AI Security Lab: Large Model Offensive and Defensive Technologies & Automated Vulnerability Detection Practices

With the widespread application of large language models like ChatGPT and Claude in production systems, their security issues have shifted from academic research to real-world threats. This article delves into large model security testing methods, covering a complete system from threat landscape to offensive and defensive technologies, automated vulnerability detection, and defense strategies, providing systematic security practice references for organizations relying on large models.

Urgency of Security

After integrating large models into production systems, the attack surface expands rapidly. Enterprises face risks such as prompt injection, data poisoning, jailbreak attacks, and model theft, making it essential to build systematic AI security testing capabilities.

Threat Types

• Prompt Injection: Directly/indirectly implant malicious instructions to induce the model to ignore original instructions or leak sensitive information;
• Jailbreak Attacks: Bypass safety alignment mechanisms using techniques like encoding conversion and multilingual mixing to generate harmful content;
• Training Data and Supply Chain Attacks: Poison training sets to implant backdoors; pre-trained weights/third-party plugins become attack vectors;
• Inference-side Attacks: Membership inference leaks sensitive information from training data; model extraction reconstructs alternative models.

Red Team Testing Framework

Simulate real attack behaviors, including four core links: threat modeling, attack library construction, automated scanning, and manual verification.

Adversarial Sample Generation

Generate inputs through minor semantic perturbations to test the model's robustness and boundary handling capabilities, quickly identifying vulnerabilities.

Security Benchmark Evaluation

Establish quantifiable dimensions (harmful content generation rate, privacy leakage risk, etc.), and conduct regular tests to track security change trends.

Static Analysis Tools

Detect security anti-patterns in code/configurations (hard-coded keys, unsafe prompt templates, etc.), and integrate with CI/CD to achieve security left-shift.

Dynamic Fuzz Testing

Adopt semantic-preserving mutation strategies, input random/semi-random data to observe abnormal behaviors.

Model Behavior Monitoring

Real-time monitoring in production environments: output toxicity score, sensitive information matching, behavior deviation degree, triggering alarm or blocking mechanisms.

• Input Purification and Validation: Multi-layer defense (syntax filtering, semantic analysis, model re-audit);
• Principle of Least Privilege: Restrict the model's data access and operation scope to control attack impact;
• Output Audit and Filtering: Independent content audit layer (lightweight classifier/rule engine) to judge security;
• Continuous Security Updates: Follow up on the latest attack technologies, and regularly update security policies and tools.

Leading vendors and institutions have invested resources to build AI security systems:

• OpenAI's Red Teaming Network;
• Anthropic's Responsible Scaling Policy;
• Various open-source security testing frameworks provide references for the industry.

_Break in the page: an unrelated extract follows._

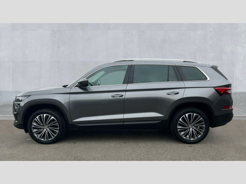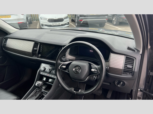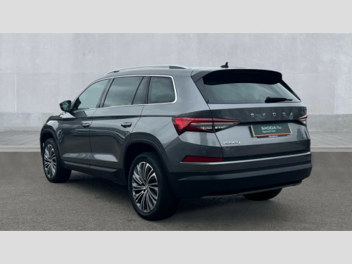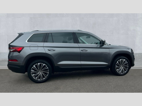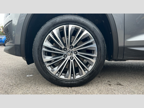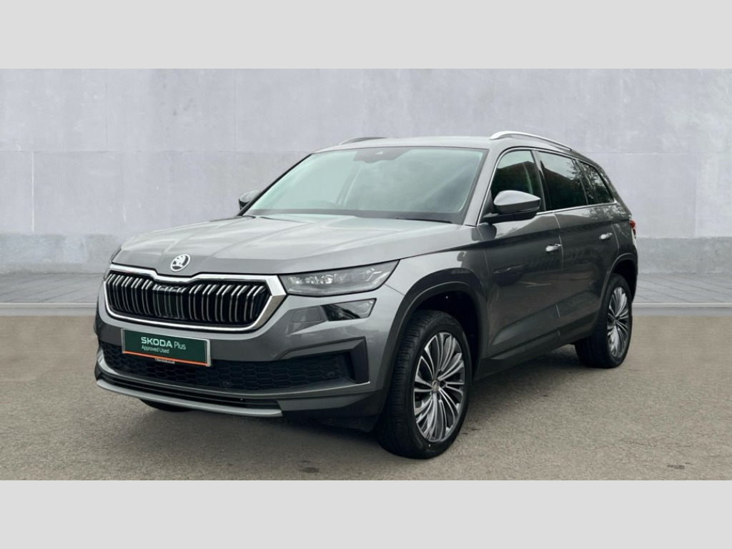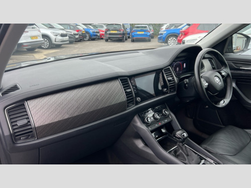Skoda Kodiaq 2.0 TDI SE L Executive 5dr DSG [7 Seat] Bluetooth system, Digital voice enhancement, e call+, ECO Stop/start function, Exterior temperature indicator, Rear view camera, Smartlink wireless for apple carplay and wired for android auto, Speed limiter, Tailgate unlocking from outside, USB C Port x 2 in front centre console, Wireless charging, 8 Speakers, DAB Digital radio, Aero front windscreen wipers with intermittent function, Aero rear window wiper, Auto dimming rear view mirror, Black wheel arch surrounds, Body colour bumpers, Body colour door mirrors and handles, Chrome front grille, Chrome roof rails with chrome window surround, Daytime running lights, Electric adjustable/heated/folding door mirrors, driver side auto dimming with boarding sports and memory function, Electric front and rear windows, Extended rear spoiler with finlets in gloss black, Front fog lights, Full LED matrix headlights with AFS (adaptive front light system), cornering function and AWL (all weather lighting system), Headlight washers, Heated rear window, Invisible tailpipe, LED rear fog light, LED third brake light in rear spoiler, Light assistant (coming/leaving home/tunnel light), Off-road style lower front bumper element, Privacy glass, Rain and light sensors, Rear LED lights (high functionality) with welcome effect and dynamic indicators, Rear side wing doors, Safety reflectors on front and rear doors, Window control switches with black trim, 12V socket in boot, 2 rails with 2 hooks, 2 seat bench in 3rd row, 3 seat bench in 2nd row, 4 foldable roof handles with rear coat hooks, 60:40 foldable rear seat with sliding adjustment and backrest angle adjustment, Bottle holders in door panel in the 1.5 litre front and 1 litre rear, Cargo storage compartments, Chrome headlight control button, Chrome interior door handles, Coat hooks on B pillar, Covered storage compartment on driver side, Decorative door sill covers, Front centre armrest with storage compartment, cup holder and 12V socket, Front courtesy lights, Gear shift lever with chrome frame and black gloss insert, Grey stitching in front and rear armrests and door armrests + door inserts, Height adjustable front headrests, Illuminated and cooled glovebox, Illuminated luggage compartment, Isofix child seat fittings in outer rear seats with top tether, Manually adjustable steering column, Net programme in boot (1x horizontal Net, 2x vertical Nets), Overhead glasses storage compartment, Pollen filter, Rear centre armrest with cupholders, Single front passenger seat, Sliding trunk cover, Small Bags on the inner sides of the front backrests, Sunvisors with illuminated vanity mirrors, Three rear height adjustable headrests, Ticket holder on A Pillar, Umbrella in door panel, Variable boot floor, Auto door release and activation of warning lights in the event of an accident, Child locks on rear doors, Driver and front passenger airbag with knee airbag and front passenger airbag deactivation, Electronic parking brake with hill start assist, Emergency rear braking signal, ESC (incl. ABS+MSR+ASR+EDS+HBA+DSR+RBS+MKB), Front assist with autonomous emergency braking, Front side airbags with curtain airbags, Fuel cut off safety device, Height adjustable front 3 point seatbelts + pretensioners, Hill hold control, Rear disc brakes, Safety vest holder in door, Seat belt reminder for all seats, Three point rear seat belts, Two tone horn, Tyre pressure monitor, Alarm with interior monitoring and tilt sensor with safe function, Anti-theft wheel bolts, Immobiliser, Keyless entry and start system (KESSY), Remote central locking with 2 keys, Grey stitching in dashboard, Linear diamonds decorative inserts, Temporary spare wheel (space saver)

Enterprises should build adaptive security systems based on their own scenarios.

Large model security cannot be achieved once and for all; continuous investment is needed to build systematic capabilities: through red team testing, automated scanning tools, and in-depth defense strategies, effectively control risks while enjoying the value of large models. The AI Security Lab is committed to popularizing this capability to the developer community.